Rating Art
Every time I finish a book, I log it on Goodreads, give it a star count, and write a brief review. I do it (like I said yesterday) because those reviews make a difference to the author. I have a personal policy of not rating something if it will be below three stars. In those cases, I would just log the book and move on.
I read something that made me think about this whole system of rating and reviewing art. It’s so subjective. There are plenty of books that I can admire, quality-wise, that I didn’t enjoy, and other books that will never win major awards that I thought were brilliant.
She asks why our impulse is to immediately decide how much we like it vs. let it sit, unrated. She writes: “I’ve been trying to stop doing this—giving a work of art an immediate thumbs up or thumbs down, like I’m rating a mop on Amazon. But the habit seems to spring from my subconscious: watch movie, submit verdict. This is how I’ve been trained to respond.”
And because my four-star read is different from your four-star read, and how I would rate something ties into how I was feeling at the moment while I read the book, so many of those stars are completely useless in using to decide how you may feel about a piece.
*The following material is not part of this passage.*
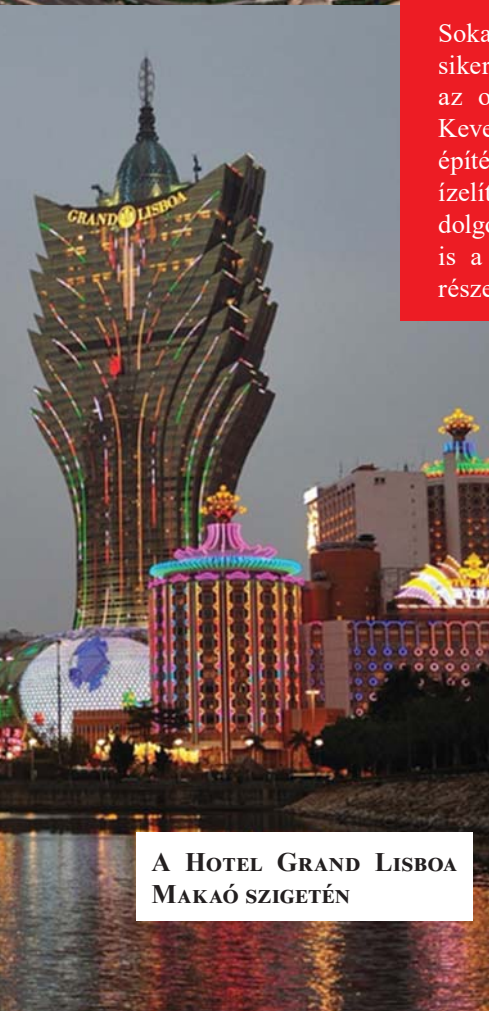
A HOTEL GRAND LISBOA MAKAÓ SZIGETÉN

Sokat hallunk Kína gazdasági sikereiről. Olvasunk a tudományban, az oktatásban elért eredményekről. Keveset tudunk azonban a mai kínai építészetéről. Ebből adunk most ízelítőt. Nem csak azért, mert szép dolgokat látunk, hanem mert ezek is a kínai sajátosságú szocializmus részei.

She writes: “The aggregate star ratings on Letterboxd presume to communicate something standardized, but in fact they give cover to chaos … Book ratings on Goodreads raise the same questions.”
These are all great questions. I don’t have answers, and I am going to keep writing those tiny reviews because I know (as an author) that they matter to authors. They help with book sales or making the decision to check out a book from the library. I could write the little review without the stars, but would that review hold as much weight without the star anchor to immediately give context to the words below it? Unsure. But this made me think. A lot.







1 comment
I really liked when John Green went the other direction and did The Anthropocene Reviewed.